Task item ::
Only one span is wanted from the lines below: from the one with "3月23日生意社二环己胺基准价为14000.00元/吨" up to and including the one with "タイガーアイAAA・水晶(龍)・ロンデルゴールド 19㎝ =財運・仕事運を高める= 1-6". Copy it exactly, without images.
*** Excerpted data Section Begins ***
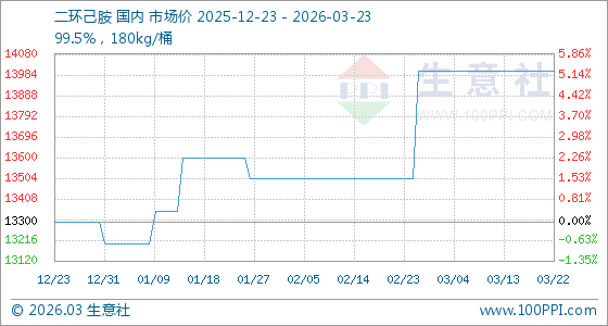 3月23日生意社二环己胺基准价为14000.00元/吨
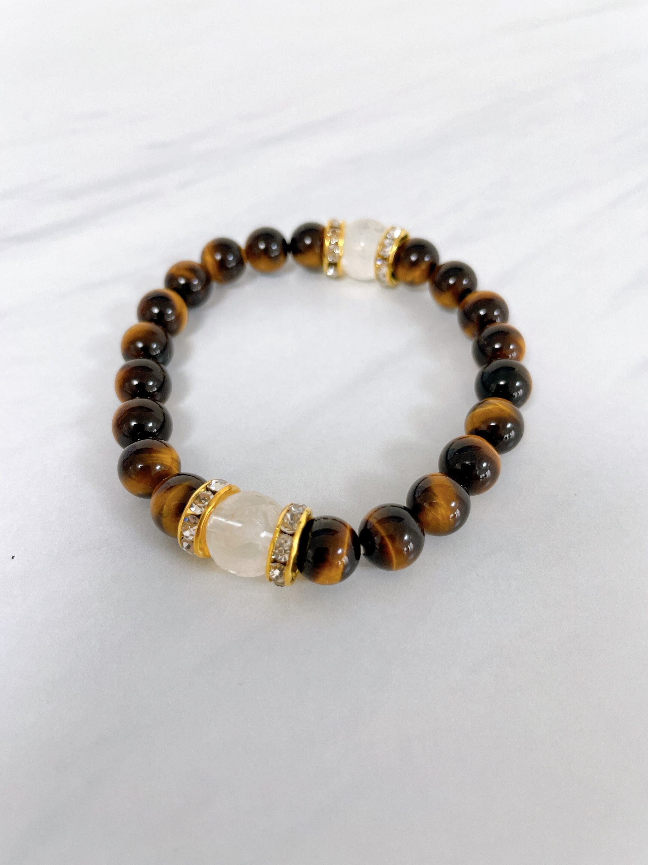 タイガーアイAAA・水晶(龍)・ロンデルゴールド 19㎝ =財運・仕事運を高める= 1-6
*** Excerpted data Section Ends ***
*** Excerpted data Section Begins ***
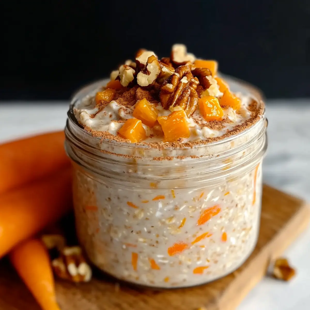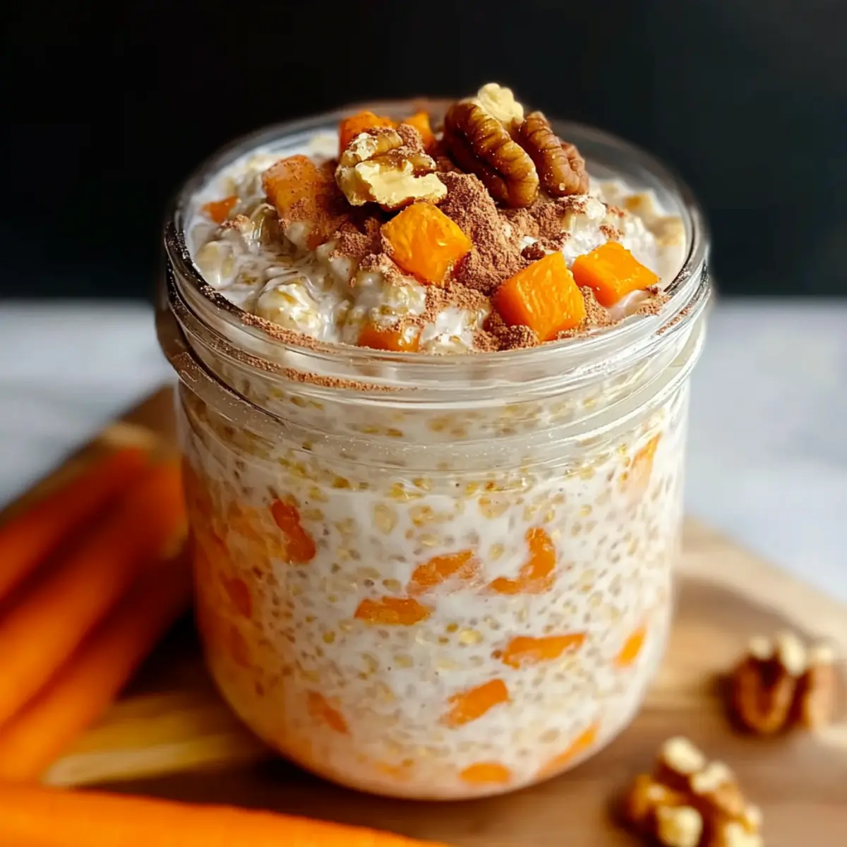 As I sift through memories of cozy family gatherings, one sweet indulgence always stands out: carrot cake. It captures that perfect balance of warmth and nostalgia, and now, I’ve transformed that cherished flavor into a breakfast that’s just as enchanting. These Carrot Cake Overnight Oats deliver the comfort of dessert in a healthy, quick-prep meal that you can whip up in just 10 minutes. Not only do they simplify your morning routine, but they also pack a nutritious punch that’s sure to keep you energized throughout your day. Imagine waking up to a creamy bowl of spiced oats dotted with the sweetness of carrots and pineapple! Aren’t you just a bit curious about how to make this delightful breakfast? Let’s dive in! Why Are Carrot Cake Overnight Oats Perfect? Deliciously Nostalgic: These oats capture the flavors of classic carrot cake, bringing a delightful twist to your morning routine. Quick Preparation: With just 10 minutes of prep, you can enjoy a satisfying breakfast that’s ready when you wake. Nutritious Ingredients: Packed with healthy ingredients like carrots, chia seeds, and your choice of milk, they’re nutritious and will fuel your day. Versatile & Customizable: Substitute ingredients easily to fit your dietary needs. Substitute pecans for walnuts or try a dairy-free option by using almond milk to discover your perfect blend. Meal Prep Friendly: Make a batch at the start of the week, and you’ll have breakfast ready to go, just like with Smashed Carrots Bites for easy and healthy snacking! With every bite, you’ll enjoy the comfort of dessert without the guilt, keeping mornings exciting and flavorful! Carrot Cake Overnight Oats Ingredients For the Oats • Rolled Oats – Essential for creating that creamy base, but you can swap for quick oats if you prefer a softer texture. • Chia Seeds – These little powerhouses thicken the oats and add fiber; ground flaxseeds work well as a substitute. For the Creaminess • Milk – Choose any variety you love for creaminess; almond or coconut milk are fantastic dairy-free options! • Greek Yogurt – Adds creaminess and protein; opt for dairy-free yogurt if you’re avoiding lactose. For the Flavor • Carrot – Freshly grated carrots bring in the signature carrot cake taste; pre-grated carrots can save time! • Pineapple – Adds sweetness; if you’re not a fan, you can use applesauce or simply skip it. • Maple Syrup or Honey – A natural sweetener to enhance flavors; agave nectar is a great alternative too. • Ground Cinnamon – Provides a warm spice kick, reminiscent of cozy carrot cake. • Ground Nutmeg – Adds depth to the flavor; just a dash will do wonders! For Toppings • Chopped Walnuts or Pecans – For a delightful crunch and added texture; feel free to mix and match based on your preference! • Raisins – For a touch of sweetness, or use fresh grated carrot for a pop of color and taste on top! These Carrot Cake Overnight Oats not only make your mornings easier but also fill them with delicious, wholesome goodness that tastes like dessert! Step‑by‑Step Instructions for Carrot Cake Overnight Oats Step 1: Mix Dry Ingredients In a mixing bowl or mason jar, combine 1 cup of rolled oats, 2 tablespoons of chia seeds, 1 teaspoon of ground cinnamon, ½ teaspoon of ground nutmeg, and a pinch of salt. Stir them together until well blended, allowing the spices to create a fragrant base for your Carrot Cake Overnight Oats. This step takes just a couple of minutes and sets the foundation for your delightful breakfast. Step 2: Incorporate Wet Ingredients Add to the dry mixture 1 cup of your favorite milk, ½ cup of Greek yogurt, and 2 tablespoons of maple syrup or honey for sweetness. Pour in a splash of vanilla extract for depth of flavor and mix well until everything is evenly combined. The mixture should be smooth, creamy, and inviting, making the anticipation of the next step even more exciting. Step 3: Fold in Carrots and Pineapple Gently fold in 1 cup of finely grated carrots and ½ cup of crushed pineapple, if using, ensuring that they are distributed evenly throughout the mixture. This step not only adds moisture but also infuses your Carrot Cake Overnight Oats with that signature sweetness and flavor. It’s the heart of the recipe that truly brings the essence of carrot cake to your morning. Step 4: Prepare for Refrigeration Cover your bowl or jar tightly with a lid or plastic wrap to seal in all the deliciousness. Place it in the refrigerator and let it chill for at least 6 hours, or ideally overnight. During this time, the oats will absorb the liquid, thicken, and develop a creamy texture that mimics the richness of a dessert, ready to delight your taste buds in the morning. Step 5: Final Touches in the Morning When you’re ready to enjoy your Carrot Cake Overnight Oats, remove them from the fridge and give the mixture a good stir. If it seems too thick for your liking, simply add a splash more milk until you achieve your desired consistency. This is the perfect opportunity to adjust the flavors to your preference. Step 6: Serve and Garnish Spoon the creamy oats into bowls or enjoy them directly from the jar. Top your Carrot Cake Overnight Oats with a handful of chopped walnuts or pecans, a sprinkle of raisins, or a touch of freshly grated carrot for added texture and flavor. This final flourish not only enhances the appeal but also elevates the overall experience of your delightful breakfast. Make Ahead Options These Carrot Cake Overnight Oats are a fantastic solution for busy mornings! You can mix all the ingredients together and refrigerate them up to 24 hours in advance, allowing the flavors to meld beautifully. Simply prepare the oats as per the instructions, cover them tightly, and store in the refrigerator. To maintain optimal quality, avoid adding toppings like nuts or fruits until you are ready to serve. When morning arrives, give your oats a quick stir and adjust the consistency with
*** Excerpted data Section Ends ***
*** Excerpted data Section Begins ***
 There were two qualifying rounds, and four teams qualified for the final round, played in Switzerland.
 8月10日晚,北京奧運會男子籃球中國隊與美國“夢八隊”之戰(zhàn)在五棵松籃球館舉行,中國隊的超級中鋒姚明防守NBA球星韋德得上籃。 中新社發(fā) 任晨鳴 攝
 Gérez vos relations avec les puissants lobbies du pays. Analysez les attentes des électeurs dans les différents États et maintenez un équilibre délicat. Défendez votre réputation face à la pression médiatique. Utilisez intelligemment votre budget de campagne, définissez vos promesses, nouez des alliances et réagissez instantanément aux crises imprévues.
*** Excerpted data Section Ends ***
Task answer ::
 3月23日生意社二环己胺基准价为14000.00元/吨
 タイガーアイAAA・水晶(龍)・ロンデルゴールド 19㎝ =財運・仕事運を高める= 1-6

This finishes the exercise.